The nation is in for more than a year of stagnant job creation and tepid economic growth that will set the stage for marked improvement in 2011, according to two of academia’s respected authorities on the economy and commercial real estate.
In separate forecasts presented this month, economists in Georgia and Texas expressed dour expectations forjob growth in the coming year. Because commercial real estate depends on employment growth to drive the demand for space, the forecasts suggest that demand will be weak for the foreseeable future.
Dr. Rajeev Dhawan, director of the Business Economic Forecasting Center at Georgia State University, blames the credit crunch for pushing the economy into a recessionary state. In a forecast published Wednesday, Dhawan says the credit crunch has damaged the economy’s growth prospects until 2010.
“Some banks are on the brink of failure and it will be up to the FDIC to bail them out,” Dhawan says, expounding on the nation’s economic predicament. “Should they run short of funds, look for the government to bail out the FDIC, leaving taxpayers with the tab.” That’s why Dhawan is projecting real gross domestic product growth at a rate of 1.4% in 2008, decelerating to 0.5% in 2009 before beginning an anemic recovery to growth of 2.2% by 2010.
That lackluster economic growth means net job losses that have averaged 66,000 per month so far this year will grow to 90,000 losses per month in the second half of 2008. Expect less severe losses averaging 15,000 job cuts per month in 2009, Dhawan says. “The job market will emerge from the twilight zone in 2010, when the economy will add jobs at a monthly rate of 100,000.”
Recent and anticipated job losses are a serious challenge for the commercial real estate industry, according to Dr. Mark Dotzour, chief economist at the Real Estate Center at Texas A&M University. “In the real estate business we don’t care what GDP is,” Dotzour quipped in a forecast presented to members and guests of the Real Estate Council of Austin on Aug. 18. “All we’re interested in is job growth, and we’ve had negative job growth in the U.S. now for about eight months. I call that a recession.”
Dotzour says the credit crunch has begun to thaw for global banks and has become a balance sheet crunch for commercial real estate lenders. Investors are amassing funds to invest in real estate, he says, and the challenge now is for lenders to clear devalued loans from their books so they can provide financing for new.
Both economists harbor heartening expectations for relief from high oil prices, which Dhawan expects will drop to $89 per barrel in the fourth quarter this year and average about $107 per barrel throughout 2009. Oil prices have already retreated 25% from the summer’s record highs near $150 per barrel now that American consumers have stepped back on consumption.
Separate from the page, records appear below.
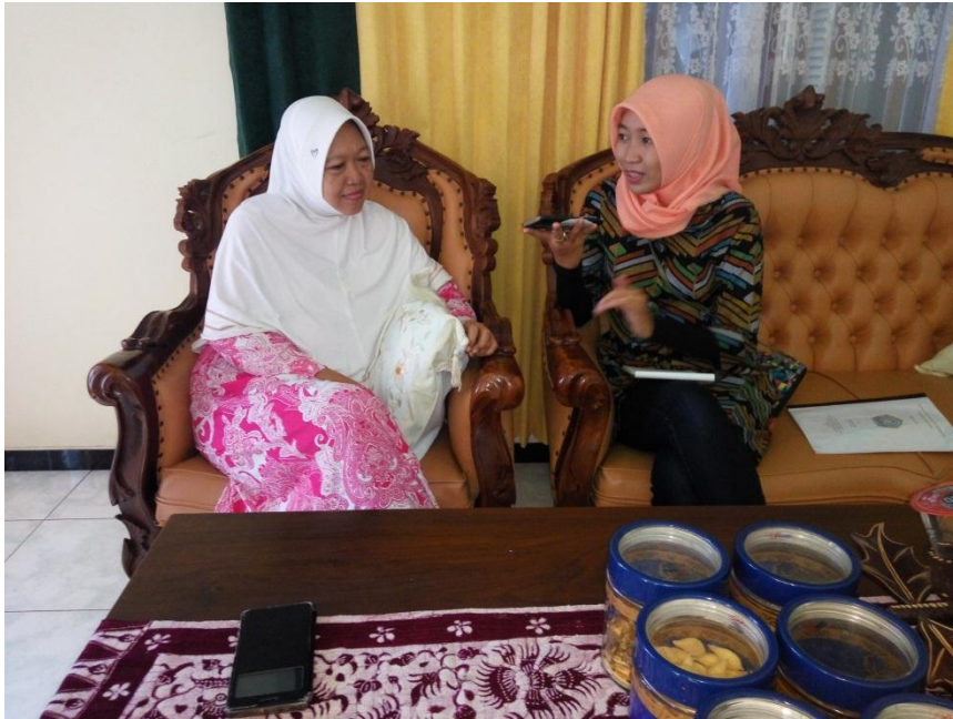
Wawancara terhadap informan kunci: Bu. RT.02/ RW.03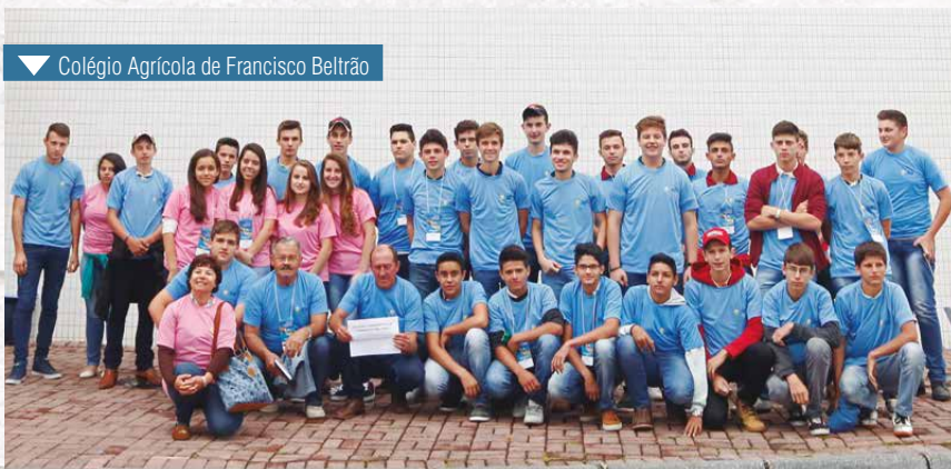
▼ Colégio Agrícola de Francisco Beltrão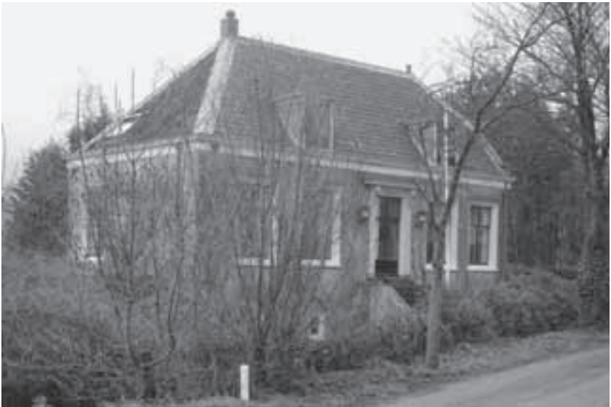
Afb.6. Middelvaart in 2005 met trap aan de straatgevel.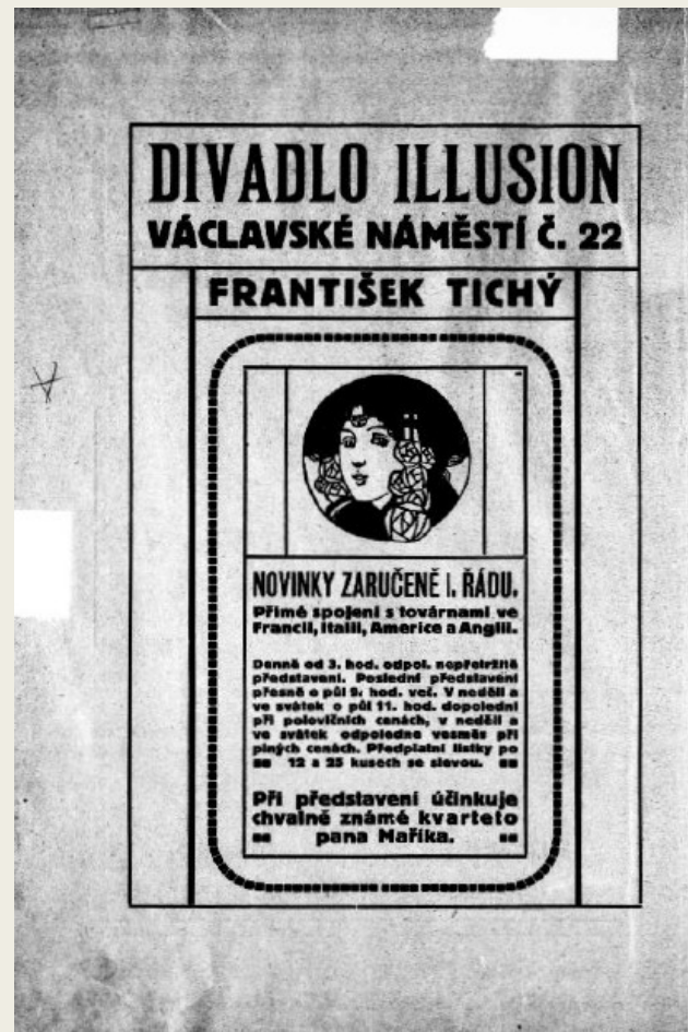
ČESKÝ KINEMATOGRAF (1911-1912) VYDÁVALA PŮJČOVNA PŘI KINĚ ILLUSION

Less expensive oil would help the economy regain its footing before the Federal Reserve clamps down on inflation by raising interest rates. The Fed would prefer to keep interest rates low to stimulate the economy until banks have had more time to recover liquidity, economists say, but persistently high oil prices could thwart those efforts to let banks heal. “If the price of oil does not retreat below $100 per barrel by October on a sustained basis, worries of inflation will cause the Fed to raise rates much earlier than expected,” Dhawan says.
Consumers and manufacturers may find their dollars buy more this fall, which would help the economy limp through the winter. Dotzour believes the prices on steel, cement and other materials vital to commercial real estatewill come down this fall along with oil prices.
Why? Dotzour theorizes that China’s extraordinary efforts to prepare for the Olympic Games spurred that country to accelerate construction programs for transportation infrastructure and residential and commercial space, and to stockpile commodities such as diesel fuel. Now that the Olympics have ended, Dotzour expects China’s demand for those products and materials to slacken for several months, giving global producers an opportunity to catch up with demand and bring prices down.
“It’s going to be interesting to see what happens to the price of copper and steel and all the construction materials,” Dotzour says. “If [China’s] demand does slow down, we’re looking at the possibility of a pretty dramatic decline in construction materials costs in the coming months.”
Dotzour points out a source of hope for commercial real estate investors, who would certainly welcome an unexpectedly stronger economy next year. Due to the credit crunch and economic uncertainty associated with the presidential election, Dotzour believes a number of U.S. companies and consumers have put off major decisions to spend or commit to space this year.
By March 2009, he says, businesses will have a better understanding of theirstanding and tax burdens under the new president, and may cut loose with a swath of business deals, leases and real estate purchases. “It’s possible we could have a very pleasant surprise around April.”